# Your objective
Transcribe every entry below word for word, but skip the pictures.
====================
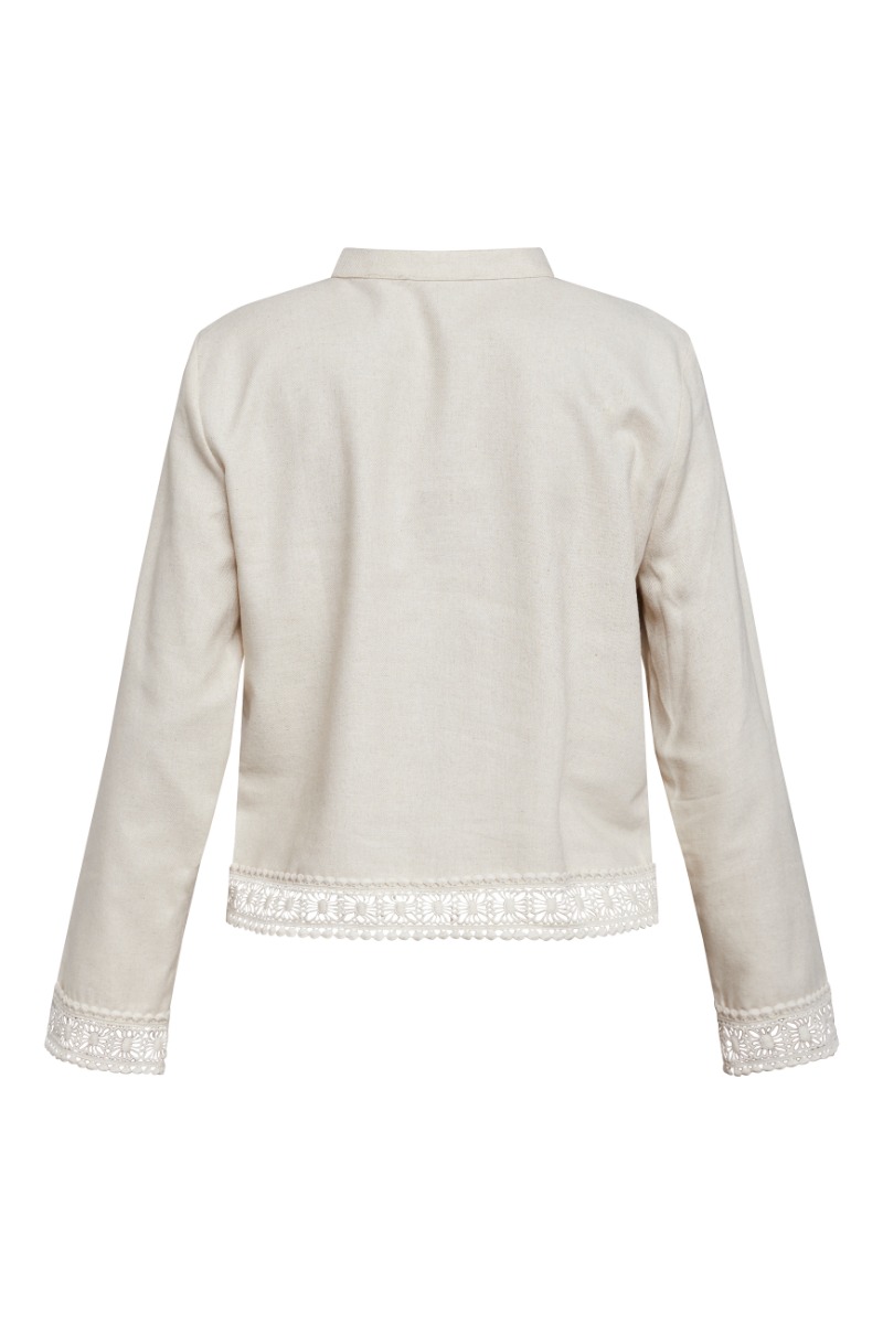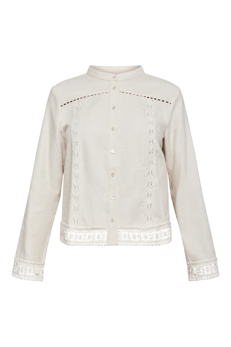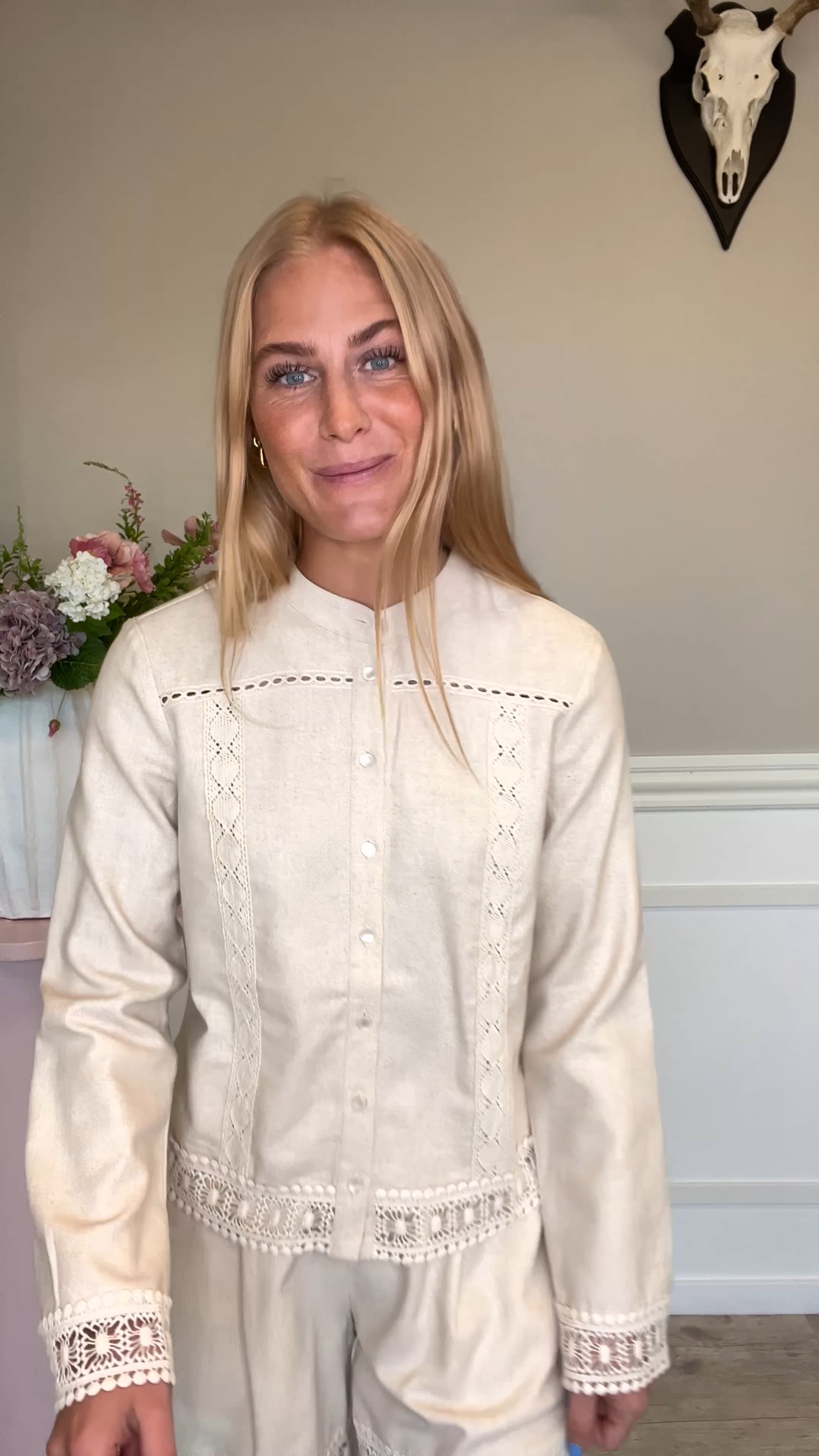 En fin skjorte fra Sisters Point er lige landet. Den er i en smuk beige farve i hørlook med fine hæbklet detaljer. Derudover er den med kinakrave og der findes et par matchende shorts.
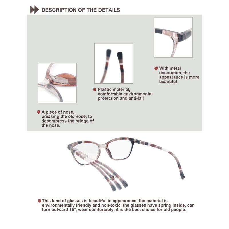 - {Spring Hinge Design}: Durable spring hinge on the arms with reading glasses, lighter in weight and will not feel uncomfortable for a long time,fits most head sizes
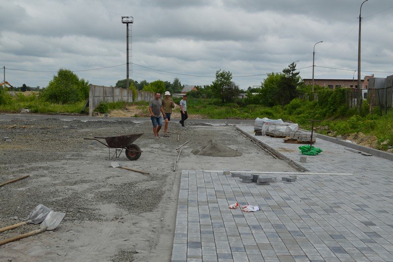 Спеціалісти ПП “МП Нововолинськсантехмонтаж” займаються благоустроєм прилеглої території, викладанням бруківки на території майбутніх місць паркування автотранспорту.
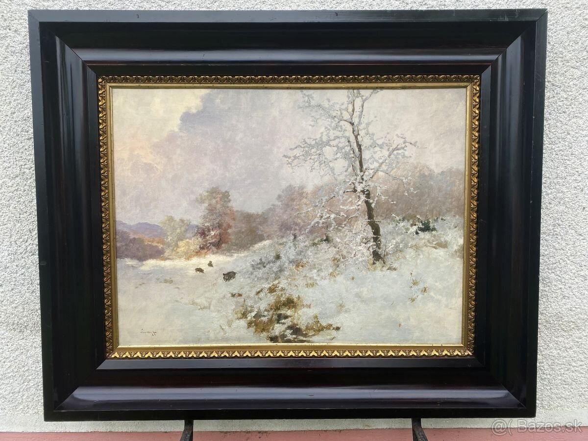 Obraz,olejomalba s polovníckou tematikou.
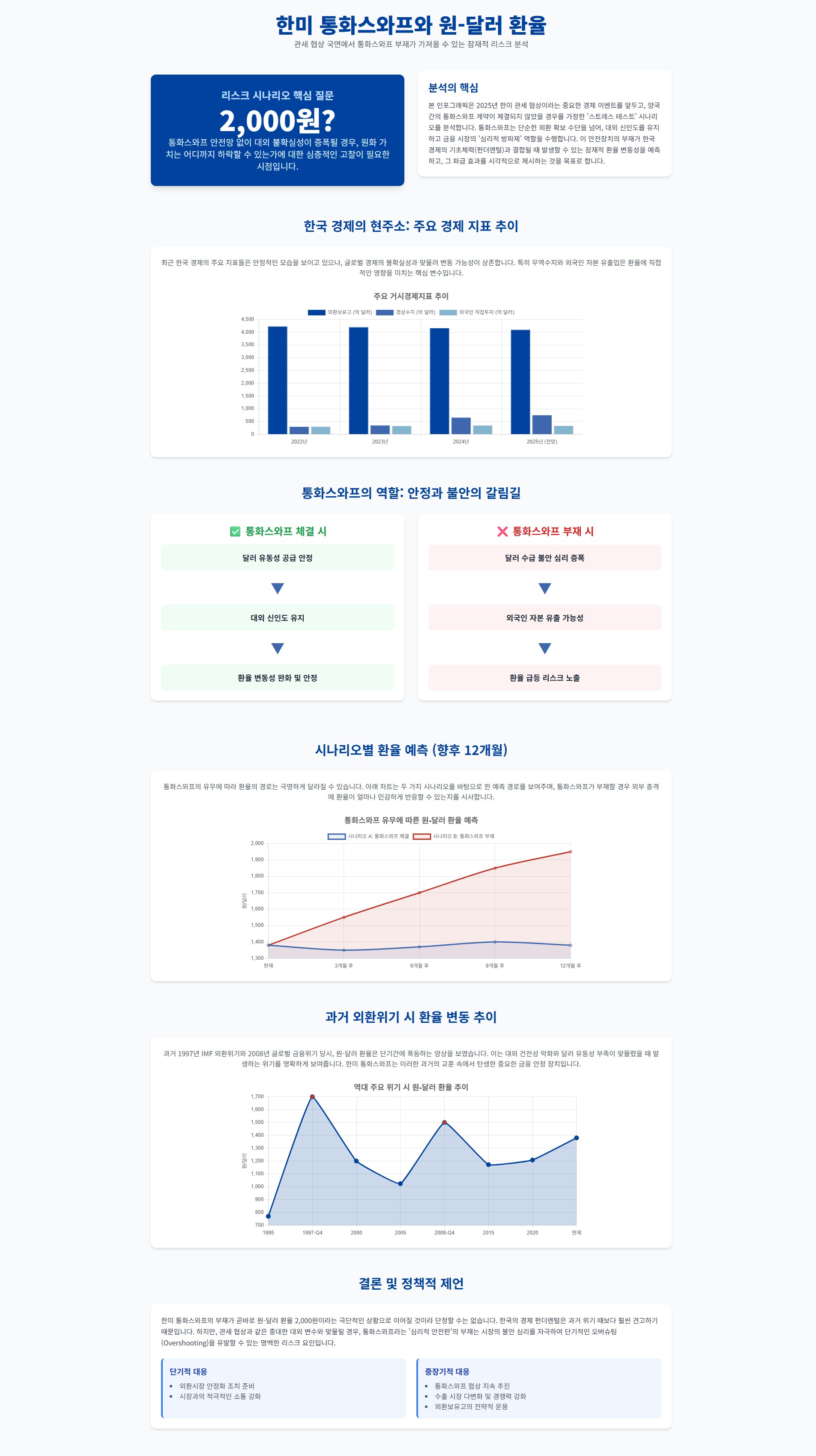한미 통화스와프 부재 속 관세 협정 타결: 원/달러 환율 2000원 위기 시나리오 심층 분석
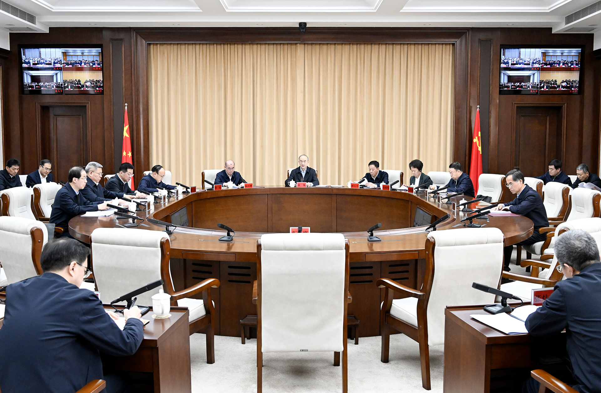 4月7日,省委书记黄强主持召开省委学习教育专题学习会。省委副书记、省长胡玉亭,省政协主席朱国贤出席会议。张野  摄
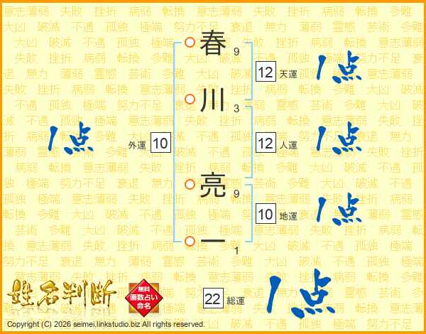 春川亮一さんの総運は22画の1点!
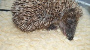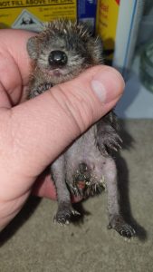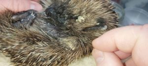 This 358g juvenile female hog was brought in to us last night, freezing cold, soaking wet and covered in flystrike (Myiasis). She was given warm subcutaneous fluids and placed on
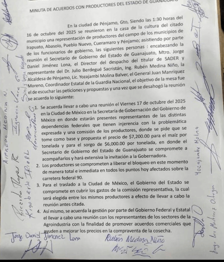 En Guanajuato, después de más de 38 horas, este jueves se liberó el paso por la carretera federal 90, luego de que se anunciara la firma de un acuerdo con representantes del gobierno federal. Este documento fue producto de una negociación realizada en Pénjamo alrededor de la 1 de la mañana del 16 de octubre, donde asistieron funcionarios como el secretario de Gobierno del estado, Jorge Daniel Jiménez; el director del despacho del titular de la Sader, Rubén Medina Niño; la alcaldesa de Pénjamo, Yozajambi Molina Balver; y Juan Manríquez Moreno, coordinador estatal de la Guardia Nacional.
====================
# Reply to the task
 En fin skjorte fra Sisters Point er lige landet. Den er i en smuk beige farve i hørlook med fine hæbklet detaljer. Derudover er den med kinakrave og der findes et par matchende shorts.
 - {Spring Hinge Design}: Durable spring hinge on the arms with reading glasses, lighter in weight and will not feel uncomfortable for a long time,fits most head sizes
 Спеціалісти ПП “МП Нововолинськсантехмонтаж” займаються благоустроєм прилеглої території, викладанням бруківки на території майбутніх місць паркування автотранспорту.
 Obraz,olejomalba s polovníckou tematikou.
한미 통화스와프 부재 속 관세 협정 타결: 원/달러 환율 2000원 위기 시나리오 심층 분석
 4月7日,省委书记黄强主持召开省委学习教育专题学习会。省委副书记、省长胡玉亭,省政协主席朱国贤出席会议。张野  摄
 春川亮一さんの総運は22画の1点!
 This 358g juvenile female hog was brought in to us last night, freezing cold, soaking wet and covered in flystrike (Myiasis). She was given warm subcutaneous fluids and placed on
 En Guanajuato, después de más de 38 horas, este jueves se liberó el paso por la carretera federal 90, luego de que se anunciara la firma de un acuerdo con representantes del gobierno federal. Este documento fue producto de una negociación realizada en Pénjamo alrededor de la 1 de la mañana del 16 de octubre, donde asistieron funcionarios como el secretario de Gobierno del estado, Jorge Daniel Jiménez; el director del despacho del titular de la Sader, Rubén Medina Niño; la alcaldesa de Pénjamo, Yozajambi Molina Balver; y Juan Manríquez Moreno, coordinador estatal de la Guardia Nacional.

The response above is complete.